The show was in a song cycle form, meaning that it consisted only of musical numbers with no concrete plot. Even though each song was its own entity, they all had similar themes and fit together to create an abstract yet cohesive show. The songs were filled with stunning and complex harmonies as well as gorgeous melodies. The costumes were simple, modern clothing that reflected the different styles of people in this world.
The cast consisted of five talented actors who each had their moments to shine in solos, as well as in duets and ensemble numbers. Each musical number had a different style that reflected Broadway, gospel and balladic influences.
While watching the show, I struggled to figure out the historical time period each song was trying to showcase. However, the titles of the musical numbers helped to clarify the context.

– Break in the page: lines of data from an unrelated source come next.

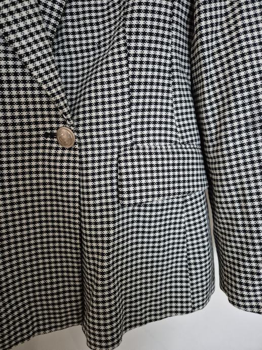 Prodajem Zara sako veličine 38 s elegantnim crno-bijelim kariranim uzorkom. Sako je rabljen, ali u dobrom stanju te je savršen za poslovne i svakodnevne kombinacije. Moderan kroj i kvalitetna izrada čine ga odličnim dodatkom svakoj garderobi.
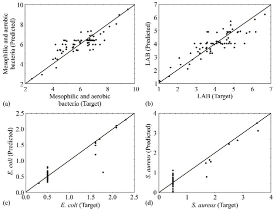 Many empirical models are used for understanding microbiological profiles of meat and meat products, but a step forward in advanced mathematical and statistical modelling is still not widely applied. Only a few studies included using predictive tools for an explanation of microbiological experimental data, such as partial least squares regression analysis [47], growth kinetics modelling [48,49], nonlinear least square regression analysis with the Levenberg–Marquardt method of estimation [50], Lorentzian distribution function and Nonlinear regression [51], etc. On the other hand, when attempting to build a mathematical model in the area of predictive microbiology, the artificial neural network (ANN) model is perceived as one of the most relevant and universal anticipating tools [52,53]. In this investigation, these facts are used and verified for the first time for analysing the obtained results of microbiological profiling of meat samples. The elaborated optimal ANN model exhibited adequate generalization ability to the acquired experimental data prediction and can be utilized to foresee the precise output for a wide span of the input parameters. The anticipated values were in close vicinity to the expected values in most cases, in relation to the r2 value, for ANN models. The ANN model anticipated experimental aerobic and mesophilic bacteria, E. coli, LAB, and S. aureus rather well for a broad range of the parameters, as seen in Figure 3, where the experimentally obtained and ANN model anticipated values are shown. Based on the quality parameters displayed in Table 4, the ANN model had a negligible lack of fit tests, meaning that the ANN model presented the data correctly. Additionally, the goodness of fit among experimental data and ANN model results was displayed in Table 5. A high r2 is illustrative that the data fitted satisfactorily to the developed model.
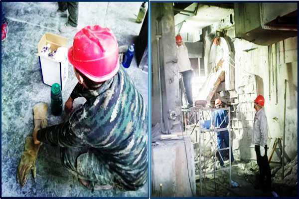 時光如白駒過隙,1#、2#電石爐已安全穩定生產六年有余,爐內碳磚、耐火磚燒損嚴重,已達到大修周期,加之五、六月份大量使用佳成礦山石料,爐內鐵水多,四臺電石爐爐眼附近耐火磚、碳磚不同程度燒損,尤其是1#爐3#眼、2#爐3#眼,爐眼上方爐壁被鐵水擊穿,出爐工作不能正常進行,嚴重影響到電石爐的安全穩定運行;為盡快消除制約安全生產穩定運行的隱患問題,為電石爐穩定運行提供強有力的保障,在公司統一部署下,自五月底開始,集各裝置維修工力量由電石一裝置組織對兩臺爐爐壁進行修復。

The third musical number, “On The Deck Of A Sailing Ship, 1492,” sounded like a soulful, gospel song.These songs preached of freedom and salvation by God’s grace. This song conveyed the intense journey that settlers took to America in 1492 with Christopher Columbus. Kiana Nwaobia ’17 sang this song with both passion and grace, as she did with all of her numbers. Adam Recht ’16, who soloed in both “Flying Home,” and “King of the World,” performed each song with soul and passion.
Rebecca Myers’s ’18 songs tended to serve as comic relief to the generally emotionally difficult show. Her song “Just One Step” portrayed a woman attempting to jump off the ledge of her penthouse because she is furious with her husband. She played the classic part of a New York middle-age woman with a total accuracy that added a level of hilarity.
This song was filled with humorous moments and clever lyrics. Myers’ other shining moment was a song called “Surabaya-Santa,” in which she played Mrs. Claus telling her husband Santa of her plans to leave him. However, not all of Meyers’ moments were filled with humor. She sang an emotional song called “Stars And The Moon,” in which she portrayed a woman who fulfills her dream of marrying rich but looks back and questions her decision.
Jason Theoharis ’17 and Nail sang a wonderful song called “The World Was Dancing” which was about a man’s fear of failure regarding his family, education, and his fiancé, Amy. As Theoharis sang, Nail beautifully and gracefully danced a ballet. Choreographed by Sarai Warsoff ’16, “Songs For A New World” has moments of modern dance and movement, as well as the ballet performed by Nail.
Each number in the show was unique in its own way and portrayed a different aspect of the human condition. One number in particular, “The Flagmaker, 1775,” made me reflect on the American Revolution.
It was a story of a mother sewing the American flag and worried about the war for independence and its affects on her family. This show heightened my appreciation for the privileges that we have by living in America, as well as for the difficult decisions that we face. If we look in the broader scope of our lives, we don’t realize the sacrifices made for our daily freedoms, freedoms that some people don’t have the privilege to experience.